*** Data ***
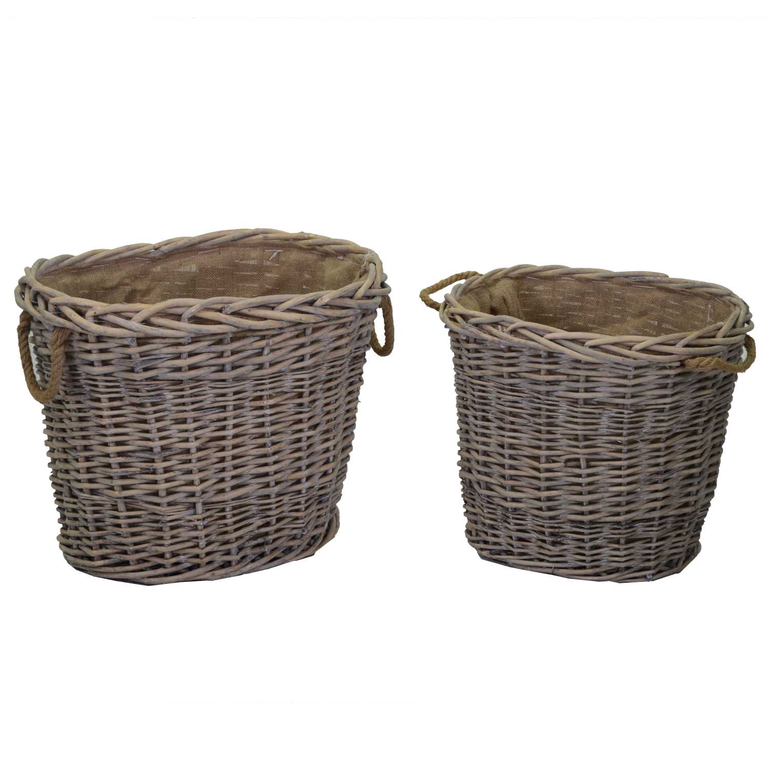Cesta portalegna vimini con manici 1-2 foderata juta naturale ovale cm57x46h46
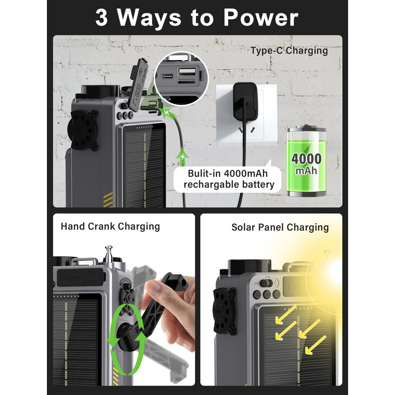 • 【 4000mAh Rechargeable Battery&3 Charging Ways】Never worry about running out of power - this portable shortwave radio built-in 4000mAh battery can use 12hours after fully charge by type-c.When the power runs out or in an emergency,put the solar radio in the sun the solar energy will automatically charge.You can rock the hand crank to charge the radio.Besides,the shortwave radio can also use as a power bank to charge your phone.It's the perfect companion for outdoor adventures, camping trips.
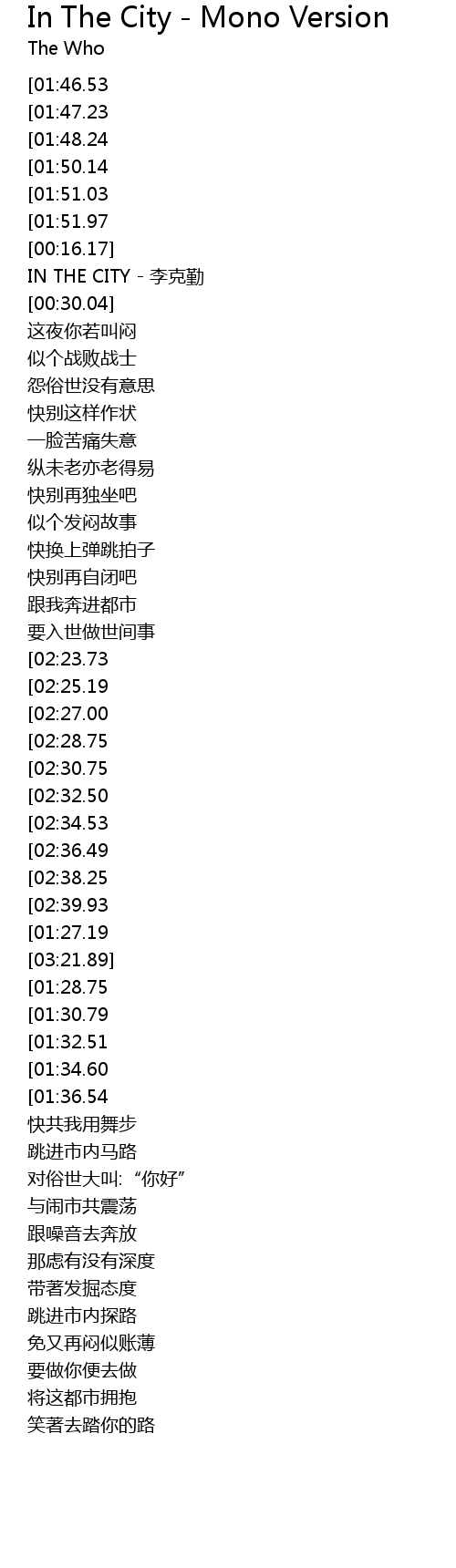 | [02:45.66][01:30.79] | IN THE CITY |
***
Exercise description:
The expected result is the material restated word for word, minus any picture.

Solution:
Cesta portalegna vimini con manici 1-2 foderata juta naturale ovale cm57x46h46
 • 【 4000mAh Rechargeable Battery&3 Charging Ways】Never worry about running out of power - this portable shortwave radio built-in 4000mAh battery can use 12hours after fully charge by type-c.When the power runs out or in an emergency,put the solar radio in the sun the solar energy will automatically charge.You can rock the hand crank to charge the radio.Besides,the shortwave radio can also use as a power bank to charge your phone.It's the perfect companion for outdoor adventures, camping trips.
 | [02:45.66][01:30.79] | IN THE CITY |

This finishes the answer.